FLASHLIGHT AND LENS ASSEMBLY

Abstract

A flashlight is provided. The flashlight includes a housing having a first end and a second end. A light source is disposed at the first end of the housing. A battery is disposed in the housing. A sheath houses a plurality of lenses to focus the light. A radius of curvature for the lenses arranged farther from the light source being greater than a radius of curvature for lenses arranged closer to the light source.

Description

BACKGROUND OF THE INVENTION

The present invention relates generally to flashlights and more particularly to a lens assembly for flashlights and other light sources.

When commercial high power LED flashlights were first introduced, the main material used for lenses and reflecting was plastic with good transparency. The plastic was formed into a single lens with special shape and configuration by plastic injection. Now, many indoor ornamental high power LED spotlights still use this reflecting technology. However, the plastic lens is not ideal for outdoor tactical LED flashlight due to the low transparency, low rigidity, and flimsy nature of the plastic.

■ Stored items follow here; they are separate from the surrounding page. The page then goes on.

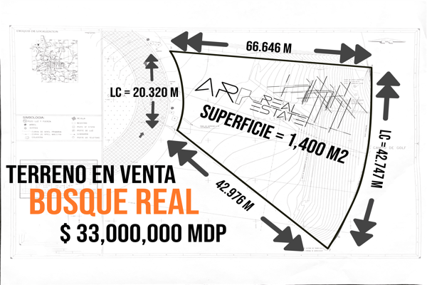 Terreno habitacionalVenta$33,000,000 MXNTerreno disponible en venta en Bosque Real, 52774 Naucalpan de Juárez, Méx., Col. Arenal, Huixquilucan, México, México, C.P. 52774, ID: 30417097 1400 m2 Alberca Mascota Gym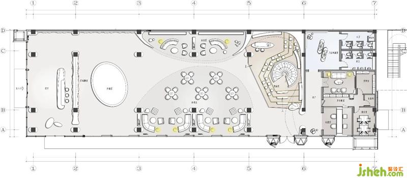 空間不可缺的是藝術(shù)感與文化性,同時(shí)還有通透、輕盈。設(shè)計(jì)不受風(fēng)格執(zhí)念所困,售樓處裝修設(shè)計(jì)打破傳統(tǒng)空間帶來的疏離感,星星點(diǎn)點(diǎn)的光柱伴著旋轉(zhuǎn)弧線射向沙盤區(qū),流動(dòng)形體下張弛有度,形成極具視覺的沖擊力。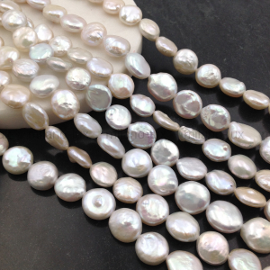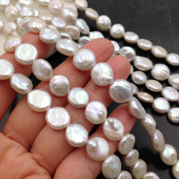 Жемчуг Натуральный AA Grade, монета барочная 10.5мм; нить 39см

Flashlights with a plastic lens may emit have a flood beam and short range beam. More and more manufacturers have stopped using plastic lens. Almost all of manufacturers now use a paraboloid viewfinder to reflect the beam. Sample flashlight with a glass lens as the reflector have been provided. But these samples include technology defects and do not have practical or commercial value.

SUMMARY OF THE INVENTION

A flashlight is provided. The flashlight comprises a housing having a lens assembly disposed at a first end, a second end opposite the first end, and a body adapted to contain at least one battery arranged between the first end and the second end; a light source, the lens assembly being arranged to focus light from the light source and including a plurality of lenses, a radius of curvature for the lenses arranged farther from the light source being greater than a radius of curvature for lenses arranged closer to the light source.

A method of making a lens assembly including a plurality of lenses and a sheath defining a plurality of grooves on an inside surface, the grooves being adapted to receive a respective one of the lenses, the method comprising: creating elastic deformation in the sheath; inserting the lenses into the respective groove while the sheath is deformed; and returning the sheath to its original shape.

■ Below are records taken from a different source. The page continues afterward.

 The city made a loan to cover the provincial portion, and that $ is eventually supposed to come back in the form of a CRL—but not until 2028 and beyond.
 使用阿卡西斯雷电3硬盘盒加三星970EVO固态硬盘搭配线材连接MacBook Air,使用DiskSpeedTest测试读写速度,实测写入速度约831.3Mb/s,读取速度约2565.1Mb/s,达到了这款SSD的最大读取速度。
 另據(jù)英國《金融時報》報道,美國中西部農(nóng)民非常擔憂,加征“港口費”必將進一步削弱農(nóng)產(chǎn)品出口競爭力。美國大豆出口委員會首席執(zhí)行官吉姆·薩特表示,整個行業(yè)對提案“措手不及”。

A flashlight, comprising: an outer body having a stop and threads disposed at a distance from the stop; an inner body having a stop, threads disposed at a distance from the stop and at least a portion thereof slidably disposed coaxially within the outer body, the stop on the inner body and the stop an the outer body being arranged on opposite sides of the threads from each other when the threads are occlusive; at least two gliding members disposed between the outer body and the inner body.

Further objectives and advantages, as well as the structure and function of exemplary embodiments will become apparent from a consideration of the description, drawings, and examples.

BRIEF DESCRIPTION OF THE FIGURES

The foregoing and other features and advantages of the invention will be apparent from the following, more particular description of an exemplary embodiment of the invention, as illustrated in the accompanying drawings wherein like reference numbers generally indicate identical, functionally similar, and/or structurally similar elements.

FIG. 1 depicts an exemplary embodiment of a flashlight;

FIG. 2 depicts a cross-section of an exemplary embodiment of a flashlight;

FIG. 3A-3B depict an exemplary embodiment of a lens assembly;

FIG. 4 depicts an exemplary embodiment of a lens arrangement; and

FIGS. 5A and 5B are a cross section of a flashlight including a lockable focus control according to an embodiment of the invention.

DETAILED DESCRIPTION OF THE INVENTION

Embodiments of the invention are discussed in detail below. In describing embodiments, specific terminology is employed for the sake of clarity. However, the invention is not intended to be limited to the specific terminology so selected. While specific exemplary embodiments are discussed, it should be understood that this is done for illustration purposes only. A person skilled in the relevant art will recognize that other components and configurations can be used without parting from the spirit and scope of the invention.

Referring to the Figures, an exemplary flashlight design 100 embodying the instant invention includes a flashlight casing or housing 110 having a light source 7 disposed at a first end 140 and having a second end 160. The first end 140 is adapted to receive a lens assembly 180. The second end 160 is typically closed. The flashlight casing may include a generally elongate body 200 defining an interior chamber. The diameter of body 200 may be substantially constant along most of its length and be adapted to accommodate the hand of a user. Body 200 can include an cylindrically shaped portion such as bezel 3, proximate end 140 to accept and accommodate the lens assembly 180. Although flashlight casing 110 is shown as having a generally tubular body 200, other configurations are anticipated, including rectangular, oval, square, or free form, so long as the basic components described herein can be accommodated. The components may also be arranged to suit the particular flashlight design. For the purposes of example only, the following discussion will refer to the embodiment shown in FIGS. 1-4.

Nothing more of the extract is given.